00:59:00Face à ce défi, le nouveau congé de naissance, vous l'avez dit, va dans le bon sens, mais ne saurait masquer l'immense tension sur les modes d'accueil.
00:59:08Il manque aujourd'hui 10 000 professionnels de la petite enfance pour répondre aux besoins des familles.
00:59:13Alors, à Annières, vous avez développé une politique familiale ambitieuse, avec notamment l'allocation municipale de garde d'enfants à domicile,
00:59:19qui offre aux familles une alternative concrète à la pénurie de places en crèche.
00:59:23Ma question est la suivante.
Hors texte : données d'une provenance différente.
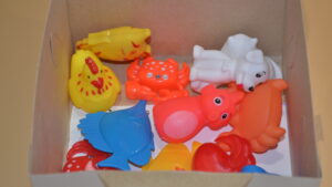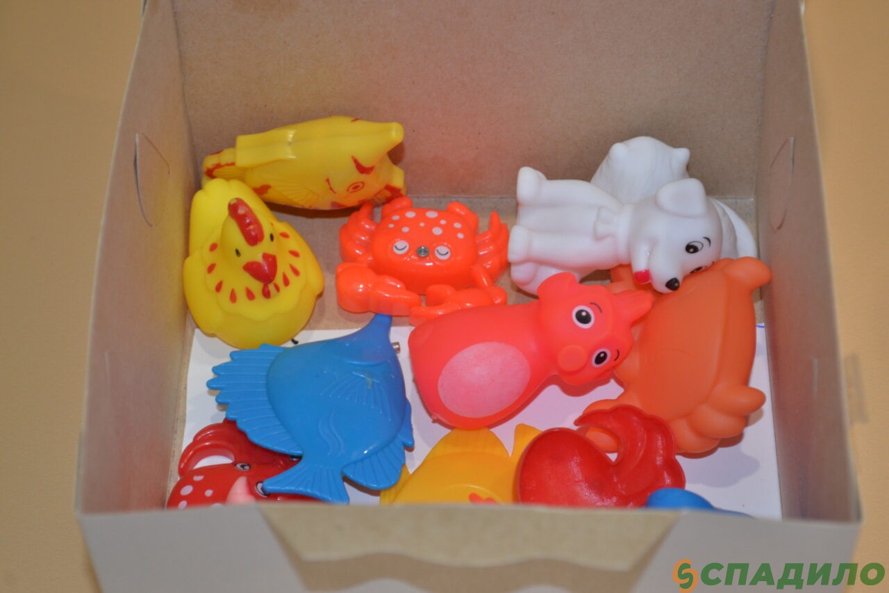2. Заполните коробку различными предметами, которые получится достать через вырезанное вами отверстие (игрушки, мячики, кубики, колечки и т. п.), а затем закройте.
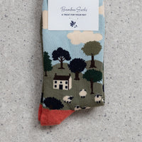 A little box of loveliness, perfect for gifting! Including a pair of super soft bamboo socks woven in our Country Scene print and an adorable cow with daisy keyring. The perfect fun, feelgood gift!
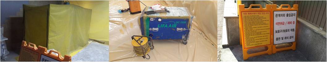 ![]() 오성프라자 석면해체/제거 작업을 위한 안전관리용 각종 설비들입니다. |
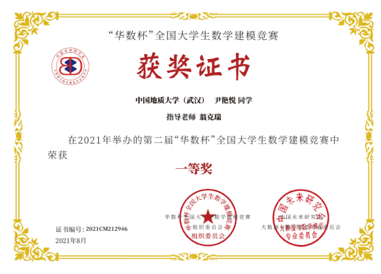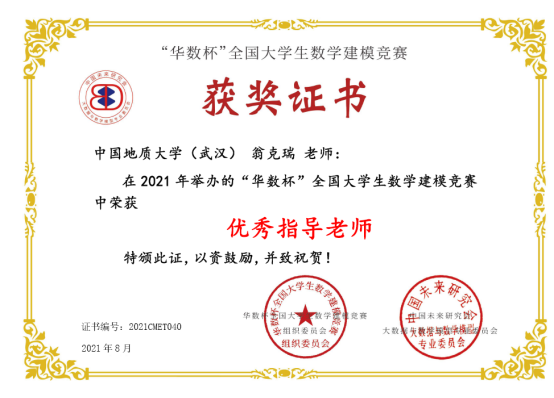 2021年第二届“华数杯”全国大学生数学建模竞赛于2021年8月5日-8日举行,本次竞赛共吸引2189支队伍参赛,竞赛专家组经过初评、网评、会评和复审四个阶段的评审,评选出一等奖184支,二等奖370支,三等奖550支。Beat365官网翁克瑞老师带队的2支队伍获一等奖,1支队伍获二等奖:李林森、 张爽、李佩的队伍获一等奖;刘林凯、尹艳悦、 程浩鋆的队伍获一等奖;潘信、郑咏杰、裴璇子的队伍获二等奖。此外,Beat365官网贲雅雯同学的队伍在数理学院付丽华老师带队下获三等奖。翁克瑞老师被评为 “优秀指导老师”。
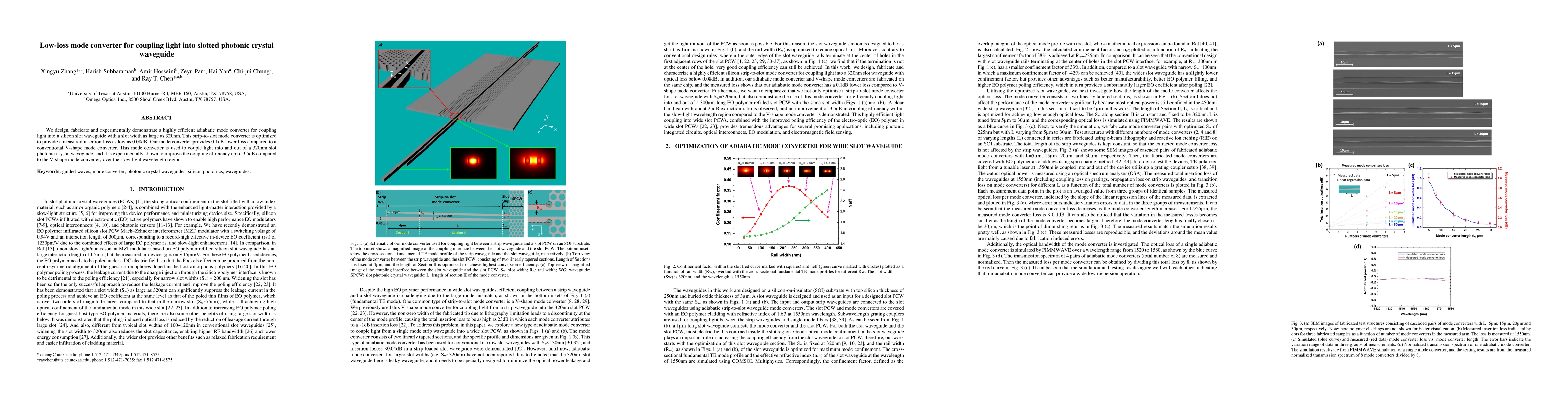 This paper presents a highly efficient adiabatic mode converter for coupling light into a silicon slot waveguide with a large slot width of 320nm, achieving a low insertion loss of 0.08dB and improving coupling efficiency by up to 3.5dB compared to conventional V-shape converters.
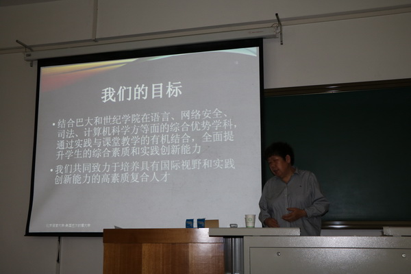 會上,雙方就復合型人才的培養進行了深入交流。針對合作的“高科技犯罪-網絡安全管理”碩士項目、人類安全專業碩士項目以及法務會計專業碩士項目,雙方就入學時間、課程設置、學費等問題進行討論并達成了初步共識。同時我院邀請趙松老師面向全體學生進行“國際視野-巴爾的摩大學”講座。
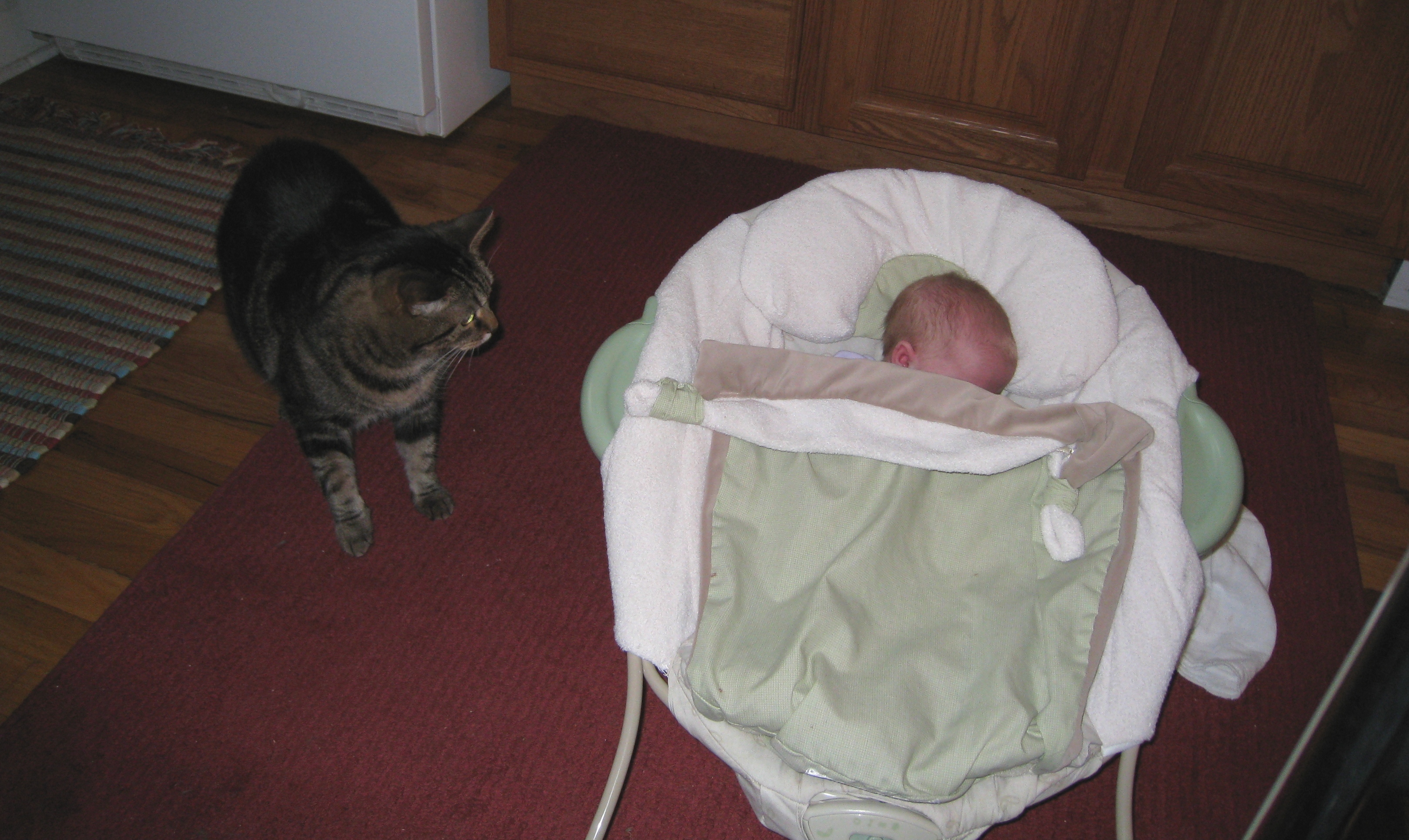 Ella (the little cat) will occasionally walk up and sniff Kivrin’s hand, but generally could care less if the baby is awake, moving around, crying, etc.
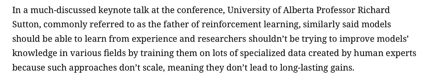 Rich Sutton’s keynote also expressed serious concerns with the current approach:

Envisageriez-vous d'ouvrir cette aide municipale à la garde à domicile aux parents
00:59:29qui font le choix du congé parental afin de les accompagner dans cette période ?
00:59:35Et si oui, à combien estimeriez-vous le coût d'une telle extension pour une ville comme Annières ? Je vous remercie.
00:59:45Merci beaucoup pour votre intérêt et votre question.
00:59:47Effectivement, comme je le disais, 90% du budget de la petite enfance est consacré au financement d'environ 1 000 places en crèche.
00:59:58Il y a 4 500 enfants de moins de 3 ans à Annières.
01:00:02Et donc, nous développons des modes de garde alternatifs beaucoup moins onéreux,
01:00:10ce qui permet d'avoir une offre pour les familles conséquentes.
01:00:14Mais effectivement, finalement, nous ne finançons aujourd'hui que la reprise du travail.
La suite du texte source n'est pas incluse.